Re: [GIT PULL] bcachefs changes for 6.12-rc1

Kent Overstreet <kent.overstreet@xxxxxxxxx> · Tue, 24 Sep 2024 13:27:59 -0400

On Tue, Sep 24, 2024 at 09:57:13AM GMT, Linus Torvalds wrote:
> On Mon, 23 Sept 2024 at 20:55, Dave Chinner <david@xxxxxxxxxxxxx> wrote:
> >
> > That's effectively what the patch did - it added a spinlock per hash
> > list.
> 
> Yeah, no, I like your patches, they all seem to be doing sane things
> and improve the code.
> 
> The part I don't like is how the basic model that your patches improve
> seems quite a bit broken.
> 
> For example, that whole superblock list lock contention just makes me
> go "Christ, that's stupid". Not because your patches to fix it with
> Waiman's fancy list would be wrong or bad, but because the whole pain
> is self-inflicted garbage.
> 
> And it's all historically very very understandable. It wasn't broken
> when it was written.
> 
> That singly linked list is 100% sane in the historical context of "we
> really don't want anything fancy for this". The whole list of inodes
> for a superblock is basically unimportant, and it's main use (only
> use?) is for the final "check that we don't have busy inodes at umount
> time, remove any pending stuff".
> 
> So using a stupid linked list was absolutely the right thing to do,
> but now that just the *locking* for that list is a pain, it turns out
> that we probably shouldn't use a list at all. Not because the list was
> wrong, but because a flat list is such a pain for locking, since
> there's no hierarchy to spread the locking out over.

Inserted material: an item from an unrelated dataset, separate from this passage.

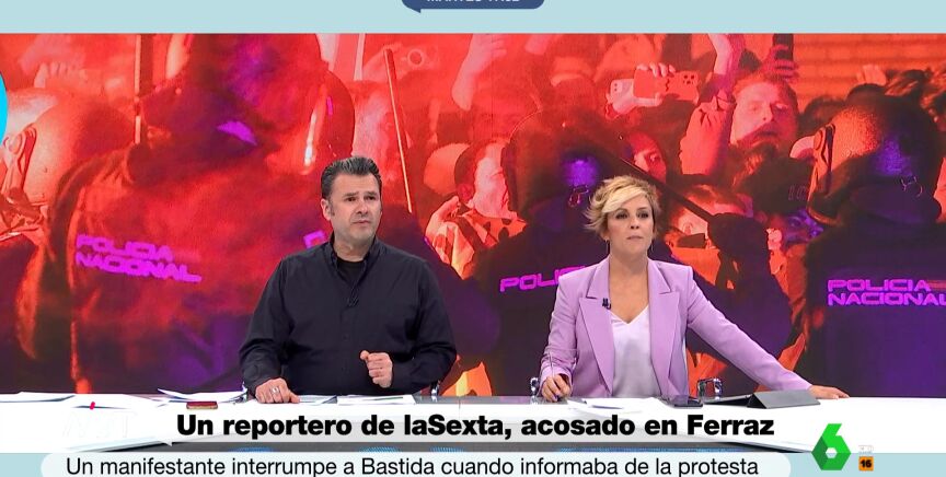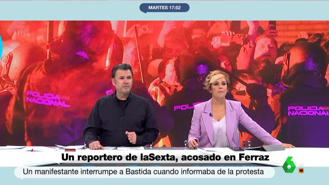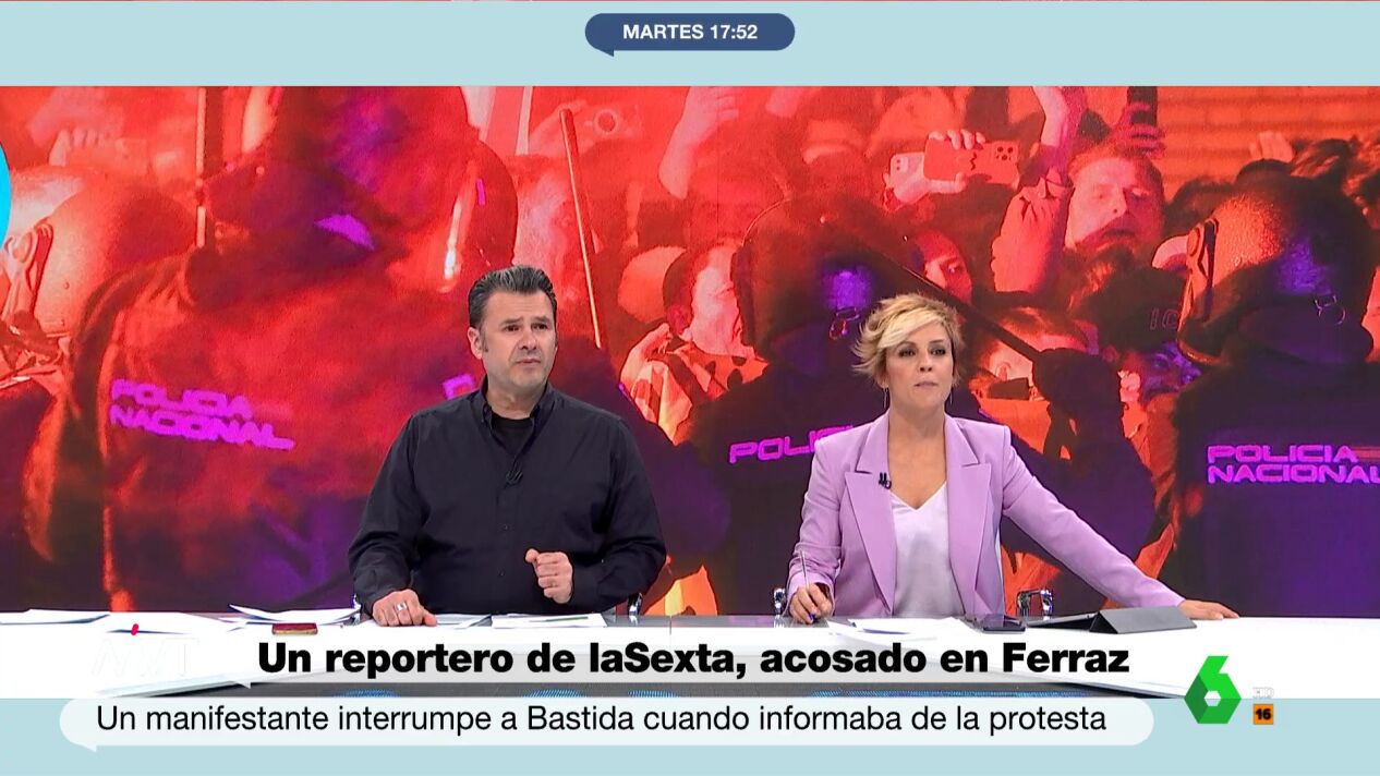 La presentadora de Más Vale Tarde, Cristina Pardo, ha comentado en directo la violenta situación en la que se vio inmerso Javier Bastida durante la manifestación de este lunes en Ferraz. El periodista fue insultado y agarrado constantemente durante su intervención en directo en 'El Intermedio'. Una de esas personas que le interrumpió durante el directo fue un hombre que gritaba sin parar "Arnaldo Otegi asesino".

Well, lists are just a pain. They should really be radix trees, we're
not doing actual LRU anyways.

> > [ filesystems doing their own optimized thing ]
> >
> > IOWs, it's not clear to me that this is a caching model we really
> > want to persue in general because of a) the code duplication and b)
> > the issues such an inode life-cycle model has interacting with the
> > VFS life-cycle expectations...
> 
> No, I'm sure you are right, and I'm just frustrated with this code
> that probably _should_ look a lot more like the dcache code, but
> doesn't.
> 
> I get the very strong feeling that we should have a per-superblock
> hash table that we could also traverse the entries of. That way the
> superblock inode list would get some structure (the hash buckets) that
> would allow the locking to be distributed (and we'd only need one lock
> and just share it between the "hash inode" and "add it to the
> superblock list").

I was considering that - that's what the bcachefs btree key cache does,
the shrinker just iterates over the rhashtable.

But referenced inodes aren't kept on the shrinker lists; I hate the
overhead of adding/removing, but Dave was emphatic on there being
workloads where that was really necessary and I'm somewhat convinced.

The other big issue is memcg; I think for that to work we'd need reclaim
to coalesce shrinker calls and shrink from multiple memcgs at the same
time.